O virologista da Fiocruz Amazônia Felipe Naveca e o presidente da Sociedade Brasileira de Infectologia, Alberto Chebabo, veem o fim da pandemia como uma decisão política que também vai levar em conta a necessidade de corrigir desigualdades no acesso às vacinas e aos instrumentos de vigilância epidemiológica, ainda muito escassos nos países mais pobres.
“A gente caminha para isso [fim da pandemia], mas não é uma decisão fácil de ser tomada”, argumenta Naveca. “A gente tem um mundo muito desequilibrado. Há países em que a situação está muito mais controlada, em que o sistema de saúde é mais forte e consegue atender a população. E tem outros países mais pobres, com pouco avanço da vacinação e sistemas de saúde mais frágeis. Como a OMS pensa no todo, é nesse sentido que ainda está se debatendo bastante o fim da pandemia, porque quando se decreta esse fim, se tem uma diminuição nesses esforços”.

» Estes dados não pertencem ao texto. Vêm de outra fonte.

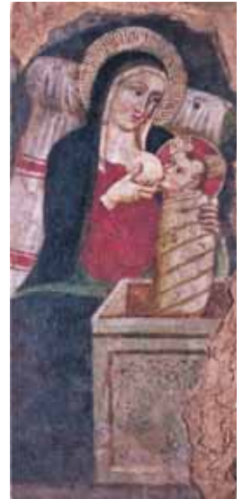
Detail of the 14 th -Century fresco in the Grotto of the Crib Greccio (Rieti), Italy

This, then, was Francis’ Nativity celebration; it had no connection with the Nativity plays and dramas in that he did not impersonate anyone, nor did the priest or brothers. There were neither the traditional figures nor dialogues, and there may or may not have been a figure in the manger. Nevertheless, the Nativity of our Lord was realized that night as fully as perhaps it ever can be. The love, the devotion, the concentration of each individual became one with that of Francis, and in Sabatier’s words: “he was no longer in Greccio; his heart was in Bethlehem.”

“A OMS não declara o fim da pandemia muito mais por uma questão de organização de atividades de controle da doença”, acredita Chebabo. “A gente entrou em uma fase em que, na maior parte dos países do mundo, a doença está sob controle. Mas a gente ainda tem uma inequidade muito grande no mundo inteiro, e principalmente na África e em países menores da América Latina. As coberturas estão muito díspares, e, talvez por isso, por uma questão estratégica, para ampliar a possibilidade de vacinar e mobiliar recursos, a OMS ainda não tenha declarado o fim da emergência de saúde pública. Mas eu acredito que nas próximas semanas a gente tenha uma declaração de fim desse estágio pandêmico".
O vice-presidente da Sociedade Brasileira de Imunizações, Renato Kfouri, considera que, apesar de depender de dados epidemiológicos, o fim da pandemia é muito mais um decreto administrativo e não representa uma mudança imediata na vida das pessoas.
“É uma questão muito mais de manejo administrativo das questões. É claro que vai depender do momento epidemiológico, sim, mas só na hora que questões de transmissão nos cinco continentes estiverem controladas, quando houver vacinas disponibilizadas e recursos de vigilância estruturados, a Organização Mundial da Saúde vai determinar o fim”, diz ele, que ressalta que a covid-19 ainda tem provocado picos epidêmicos e regionais no Brasil, mas que um comportamento endêmico é “o caminho natural”.